This approach is used in Ukraine by scientists of the Ukrainian Hydrometeorological Research Institute (Kovalchuk et al., 2008; Osadchiy and Kovalchuk, 2013), in particular, to divide the magnitude of hydrochemical concentrations into natural and anthropogenic components based on theoretical distribution laws. In the foreign literature such an example can be found in the work of Chinese scientists (Yang and Jian-Ying, 2017), who investigated the possibility of using empirical distribution curves to analyze the concentration of chemicals in the water runoff of the river in different phases of water and for values of probability. The use of multidimensional statistical analysis by the scientists of different countries is also noteworthy, for example, for the geochemical assessment of groundwater quality in Cote d'lvoire (Guler et al., 2002), or the use of the principal component method for the study of the territory salinity in Spain (Morell et al., 1996). Among the recent works the studies by scientists from India on the hydrochemical composition of groundwater in different parts of the country (Reghunath et al., 2002; Umarani et al., 2019) using cluster and factor analysis are also worth noting.

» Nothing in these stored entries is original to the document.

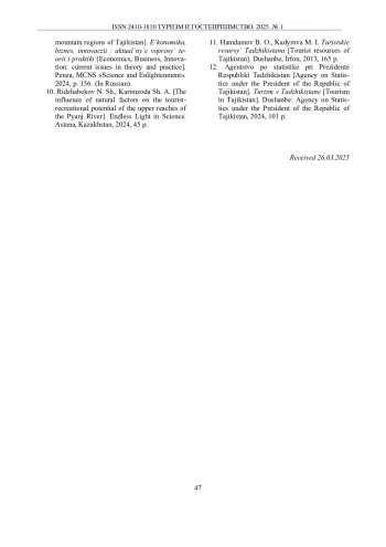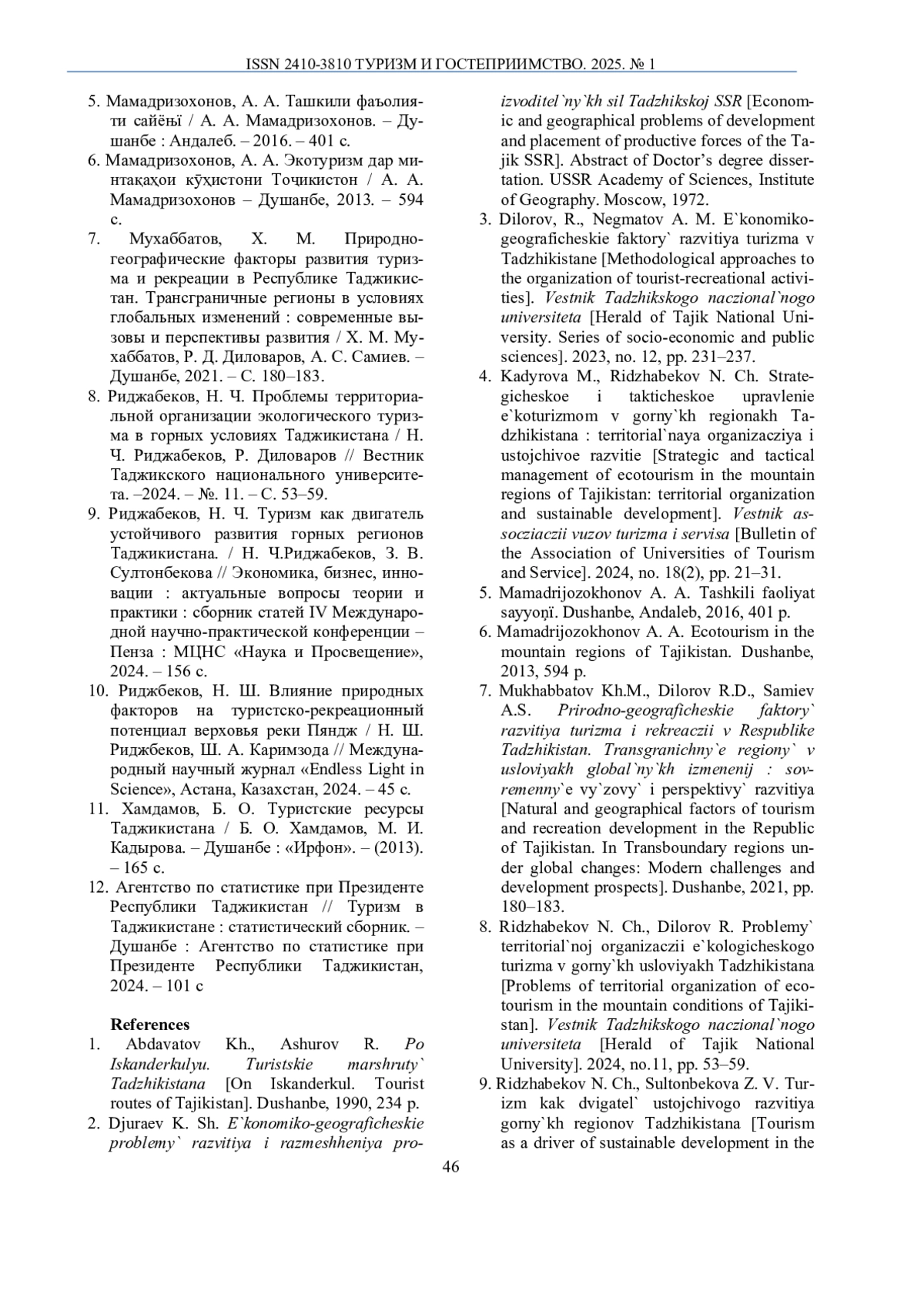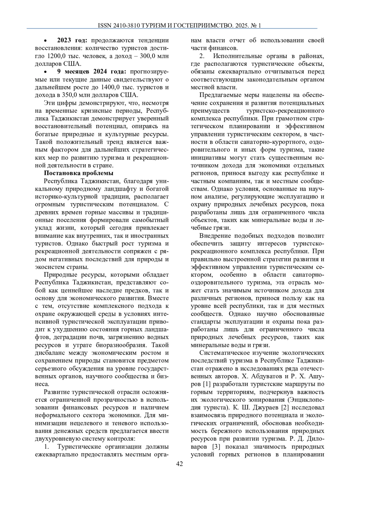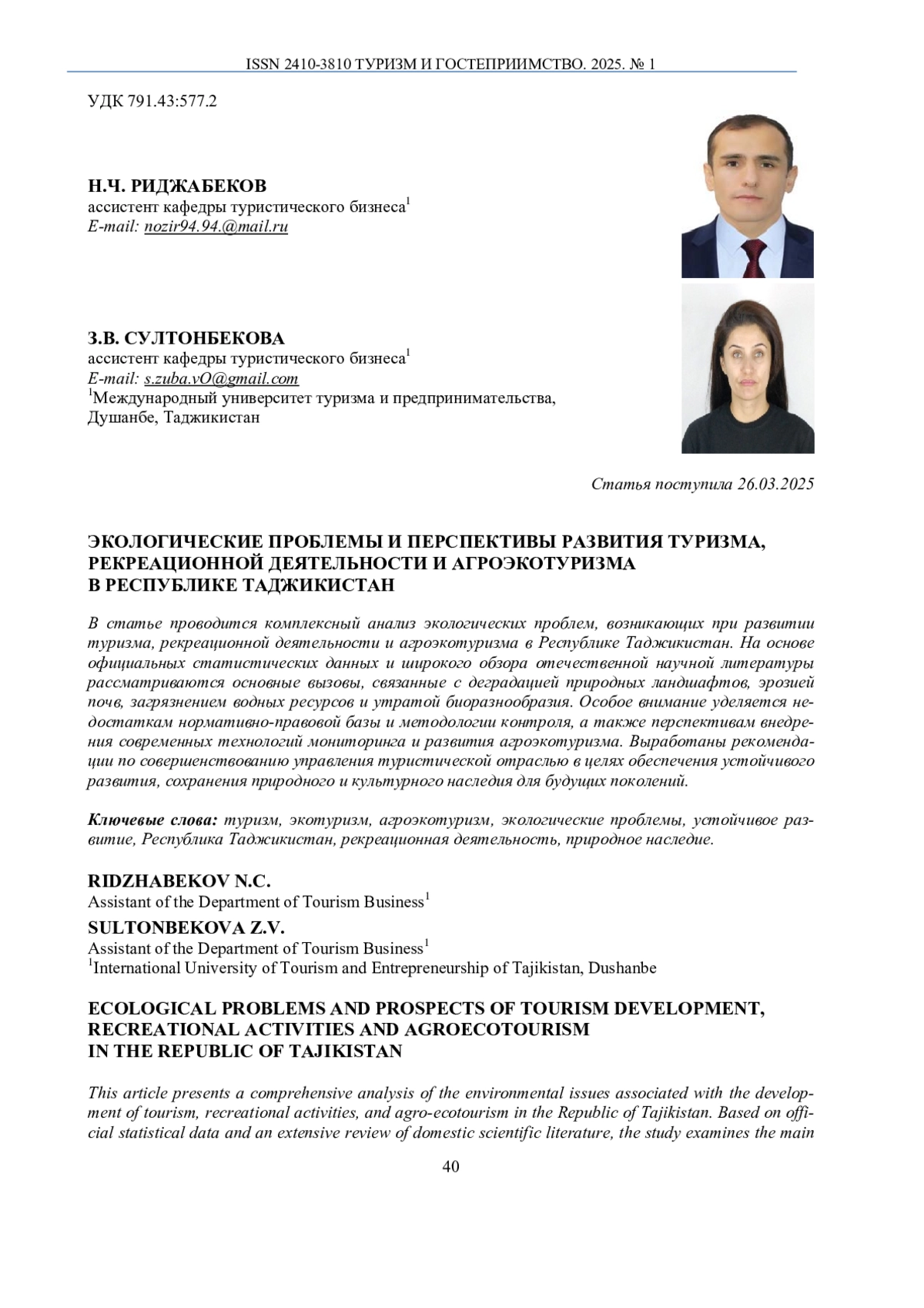 РИДЖАБЕКОВ Н.Ч., СУЛТОНБЕКОВА З.В. ЭКОЛОГИЧЕСКИЕ ПРОБЛЕМЫ И ПЕРСПЕКТИВЫ РАЗВИТИЯ ТУРИЗМА, РЕКРЕАЦИОННОЙ ДЕЯТЕЛЬНОСТИ И АГРОЭКОТУРИЗМА В РЕСПУБЛИКЕ ТАДЖИКИСТАН // ТУРИЗМ И ГОСТЕПРИИМСТВО. 2025. № 1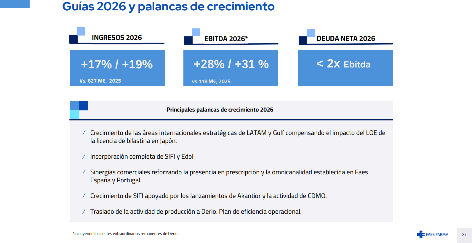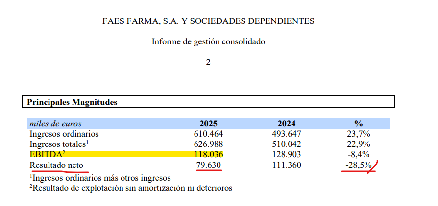 Recorte del complementario de FAES Farma a 0,087 céntimos. Bajada del dividendo total a cargo de 2025 del 28,5% con respecto al dividendo a cargo de 2024. Se mantiene el payout en el 50% (aprox.), la bajada es debida a la bajada equivalente del beneficio neto, afectada por la duplicidad de costes de la planta de Derio hasta que se complete el traslado de la producción, mayores amortizaciones y las adquisiciones que ha ido haciendo.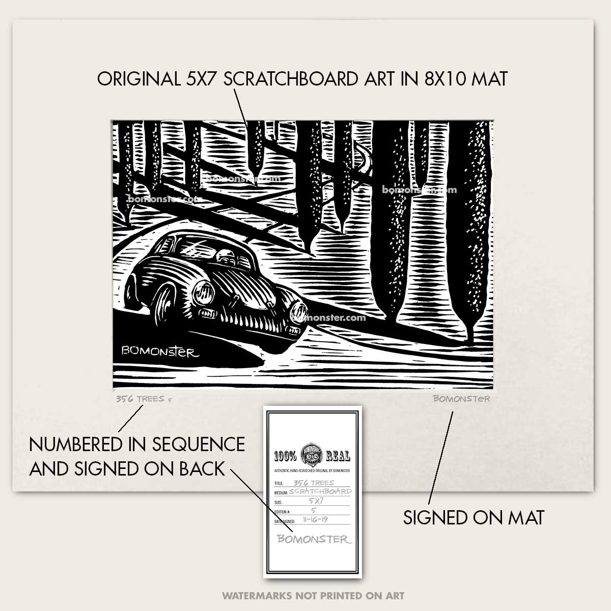 • Signed by BOMONSTER and numbered in sequence as they are finished. No two are alike.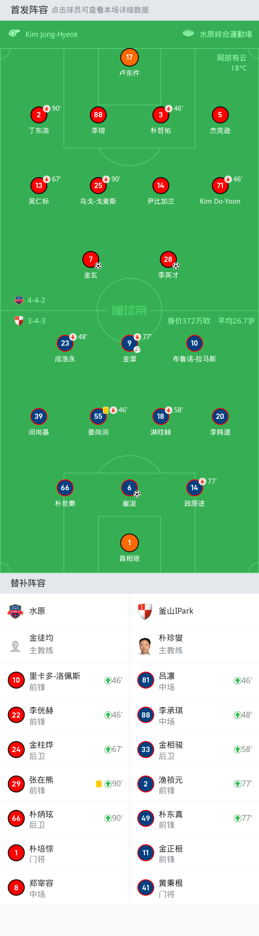 上场替补:46'10-里卡多-洛佩斯, 46'22-李侊赫, 90'66-朴炳玹, 67'24-金柱烨, 90'29-张在熊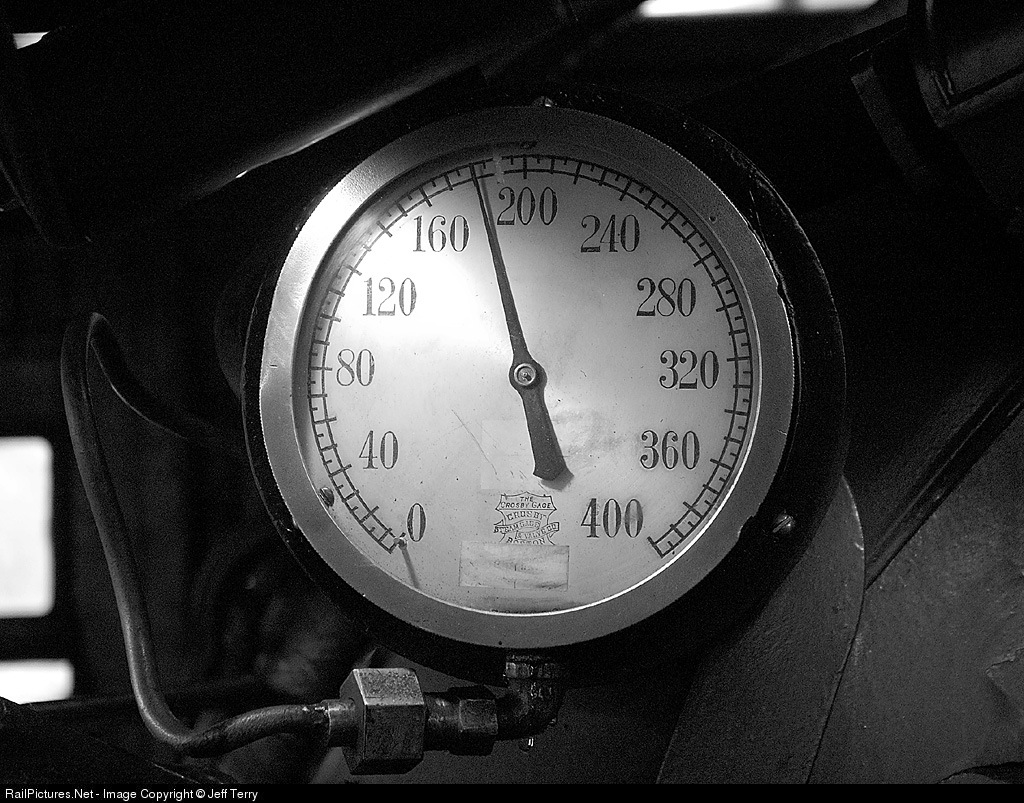 Steam pressure gauge on the fireman's side of Nevada Northern 2-8-0 No. 93.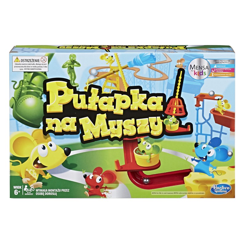 Pułapka na Myszy to kultowa gra zręcznościowa pełna akcji i ruchu! Nawigujcie pionkami myszek przez pole do gry, aby wykraść ser oponenta! Jednak pamiętajcie, na planszy aż roi się od pułapek! Huśtający się but, kula, a nawet skoczek skaczący do basenu - dowiedz się, jak wszystkie te elementy wpłyną na reakcję łańcuchową, mającą za zadanie zatrzymanie niczego niespodziewającej się myszki! Ścigajcie się do samej mety i zbierzcie ser przeciwnika! Zbierzcie 6 kawałków sera jako pierwsi aby wygrać grę! Gra ćwiczy rozumienie przyczyn i skutków, uczy podejmowania decyzji i budowania.
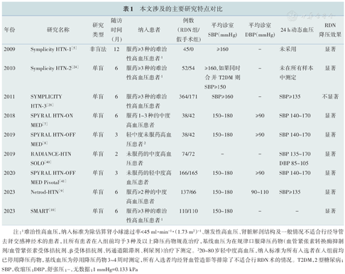 注:1难治性高血压,纳入标准为除估算肾小球滤过率<45 ml·min-1·(1.73 m2)-1、继发性高血压、肾脏解剖结构及一般情况不适合行经导管去肾交感神经术的患者,且所有患者在入组前均予3种及以上降压药物规范治疗,基线血压为在规律口服降压药物(血管紧张素转换酶抑制剂/血管紧张素受体拮抗剂、β受体拮抗剂、钙通道阻滞剂、利尿剂)治疗下测定。220~80岁轻中度高血压,纳入标准为所有入选者在入组前均已停用降压药物,基线血压为停用降压药物3~4周时测定,所有入选者均经肾血管造影等排除了不适合行RDN术的情况。T2DM, 2型糖尿病;SBP,收缩压;DBP,舒张压;-,无数据;1 mmHg=0.133 kPa

The purpose of this work is to determine the main statistical parameters and to research the possibility of applying theoretical laws of distribution to the time series of water mineralization of rivers in the Dnieper basin (within Ukraine).
Output data. The research was carried out on the basis of data from the State Surface Water Survey, carried out by the State agencies for water resources management of the Civil Protection Department of the Ministry of
Emergency Situations of Ukraine. For determination of statistical regularities and distribution laws, the data of mineralization observations at 28 gauges of the Dnieper basin (Fig. 1) for the period from 1990 to 2015 has been selected (1990-2015, Shchorichni dani). The boundary of the study area of the Dnieper basin coincides with the state border between Ukraine and Belarus and Ukraine and Russia. Research methods. When performing hydrological calculations, one of the main tasks is to determine the probabilistic properties of a random variable on the basis of distribution laws. Each random distribution law is a mathematical function that fully describes a random variable from a probabilistic point of view. In practice, it is not necessary to consider the law of distribution as a mathematical expression, it is sufficient to indicate individual numerical characteristics that reflect its main features (1997, Rukovodstvo).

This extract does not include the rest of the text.